Figure 5.9 illustrates Petro Canada (1982) seismic dip line 505a through Parcel 4 with rapid expansion of the Early Jurassic succession into the Huron Subbasin. Chippewa G-67 (1970) was drilled on the flank of a salt diapir encountering minor oil staining in Missisauga sandstones. Positioning of this well on the salt structure in 1970 was probably suboptimal given the seismic quality.

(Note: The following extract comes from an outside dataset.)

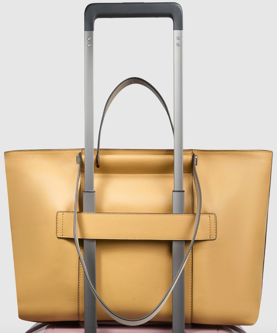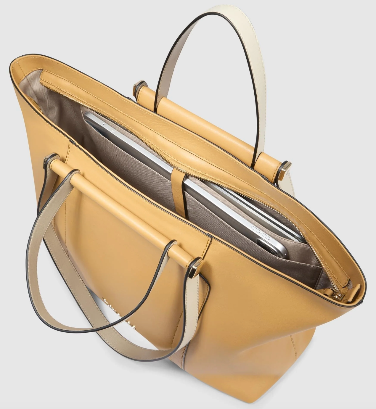 Shopping bag donna in pelle elegante, con porta PC e iPad® protetti da antiurto e RFID. Scomparto unico capiente per notebook da 14” e iPad® fino a 11”. Manici fissi, interno in poliestere e piedini in metallo per proteggere la base. Misure: 43 x 28 x 14 cm, peso di circa 1 kg. Stile e sicurezza in un accessorio versatile.

This line reveals a poorly imaged, but thick, untested, Late Jurassic, stacked carbonate reef buildup at around 4.5 seconds (blue arrow and red highlights).The reef is better imaged on more recent seismic data and has not been penetrated by any wells. The reef is similar in morphology to the Deep Panuke gas field, although here it was buried earlier by clastics, possibly near Kimmeridgian time. The reef complex at Deep Panuke continued through the Tithonian and was buried by Missisauga sandstones. The nearby Sauk A-57 well just penetrates the top of the Jurassic at 4766m. Figure 5.10 illustrates that there is also potential for the development of Early Jurassic Iroquois or Middle Jurassic Scatarie bioherms along the Missisauga Ridge during periods of rising sea level or flooding.

Parcel 5

Figure 5.11 shows Petro Canada (1982) dip line 503a through Parcel 5 starting on the LaHave Platform, across the faulted basin hingeline, out into the Huron Subbasin and continuing to the South Griffin Ridge. Salt evacuation and diapirism has strongly influenced Jurassic Mic Mac progradation into the Huron Subbasin as detailed in Figure 5.6. Good Jurassic reservoir sands at Esperanto K-78 can be correlated to clinoforms that are expanding into this basin.

Salt expelled along the South Griffin Ridge provides opportunities for traps that could be defined with 3D seismic data.The South Griffin J-13 well (1984) was drilled to 5900m in the Late Jurassic Mic Mac above the South Griffin Ridge. Although no hydrocarbons were encountered in this well, the South Griffin Ridge provides plenty of faulting and structuring with the Naskapi shale providing a much better seal in this area.

Parcel 6

The Petro Canada (1982) dip seismic line 4055 selected to illustrate play concepts in Parcel 6 also crosses a small portion of Parcel 5 on the LaHave Platform (Figure 5.12). This line intersects numerous Jurassic and Cretaceous progradational packages interpreted to consist of both clastics and carbonates. This line is also shown in Figure 5.6 with an enhanced interpretation based on lithologies intersected in nearby wells.

Potential plays within Parcel 6 are rollover anticlines in the high net to gross Jurassic and Cretaceous intervals, subsalt traps in the southern end of the parcel near the South Griffin Ridge (beneath a poorly imaged salt canopy?) and interbedded clastic and carbonate systems similar to that penetrated in the Louisbourg J-47 well (Figures 5.6 and 5.12).